1

I was reading this interesting question and I see that the general answer is the same of the Hertzsprung's problem (A002464).

Now if I consider the case including $0$ so the $ n $ digits are $[0, 1,..., n-1]$, what would be the answer? Of course the number can't start with $0$.

user967210
  • 1,464
  • 5
  • 15
  • I don't see those problems as identical...the menage sequence just blocks permutations with $\sigma (i)\in {i, i+1\pmod n}$. Am I misreading something? – lulu Jun 02 '23 at 16:31
  • You say you tested small numbers and found the ménage problem was the same as this problem. However, when $n=5$, there are $12$ valid permutations, namely $ (1, 3, 0, 2, 4), (1, 3, 0, 4, 2), (1, 4, 2, 0, 3), (2, 0, 3, 1, 4), (2, 0, 4, 1, 3), (2, 4, 0, 3, 1), (2, 4, 1, 3, 0), (3, 0, 2, 4, 1), (3, 1, 4, 0, 2), (3, 1, 4, 2, 0), (4, 1, 3, 0, 2), (4, 2, 0, 3, 1)$, $\tag*{}$ but the answer to the ménage problem is $13$. Is there something I am misunderstanding? – Mike Earnest Jun 02 '23 at 16:54
  • @MikeEarnest sure, as I said I just tried with small $n$ like $4$ and $5$ and the result is respectiveli $2$ and $13$ – user967210 Jun 02 '23 at 17:03
  • 1
    You say there are $13$ permutations, I listed $12$ of them. Which one am I missing? – Mike Earnest Jun 02 '23 at 17:05
  • 1
    @MikeEarnest no, you are right, I added a wrong one. I edit the post – user967210 Jun 02 '23 at 17:23

1 Answers1

1

Let $a_n$ be the number of permutations of $[0,1,\dots,n-1]$ such that adjacent list entries are never consecutive numbers, as listed in https://oeis.org/A002464.

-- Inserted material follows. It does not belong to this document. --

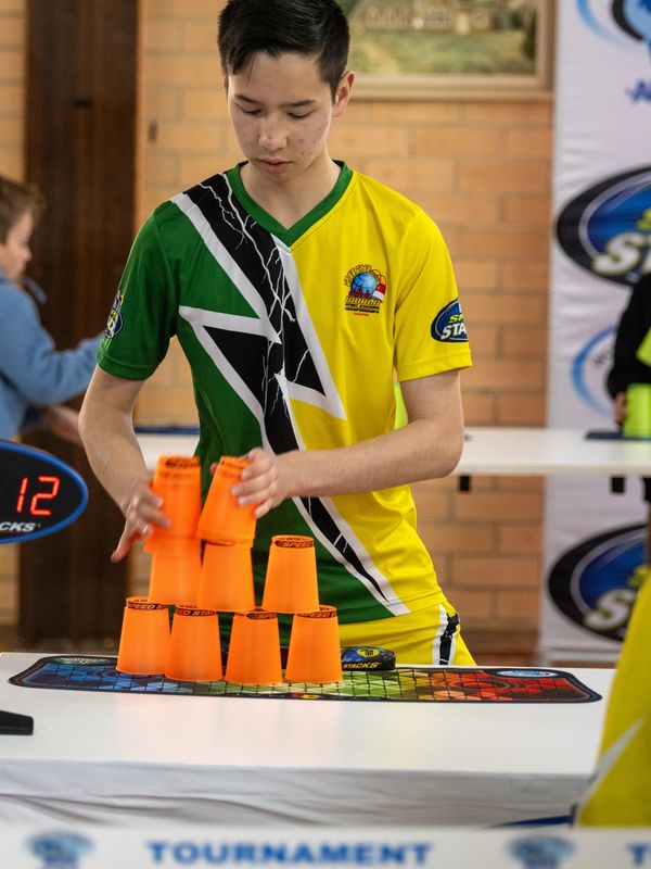 Justin Roger competed at his first tournament, The Australian National Sport Stacking Championships 2022! Justin has only been stacking for a short period of time, but his progression has been amazing! Justin really impressed at Nationals and with his continued dedication, and rapid improvement, he was offered a spot on The Australian Lightning!

Let $b_n$ be the number of such permutations, where we additionally require the first element to be nonzero.

You can show that, for all $n\ge 2$, $$ b_n=a_n-b_{n-1}\tag1 $$ Why? Because the permutations counted by $a_n$ fall into two classes; those whose first element is $0$, and those whose first entry is nonzero. There are $b_n$ permutations whose first entry is nonzero, by definition of $b_n$. If the first entry is zero, then the remaining entries must be a permutation of $[1,2,\dots,n-1]$ whose first entry is not equal to $1$, which is exactly the same as $b_{n-1}$.

If you iterate equation $(1)$, you get a formula for $b_n$ in terms of the numbers $a_4,a_5,\dots,a_n$: $$ b_n=a_n-a_{n-1}+a_{n-2}-a_{n-3}+\dots+(-1)^{n-4}a_4\tag2 $$ Since the OIES page for $a_n$ does not give a closed formula, and $a_n$ can be written as $b_n+b_{n-1}$, we should not expect a closed formula for $b_n$. Therefore, the formula in $(2)$ is probably the best you can do.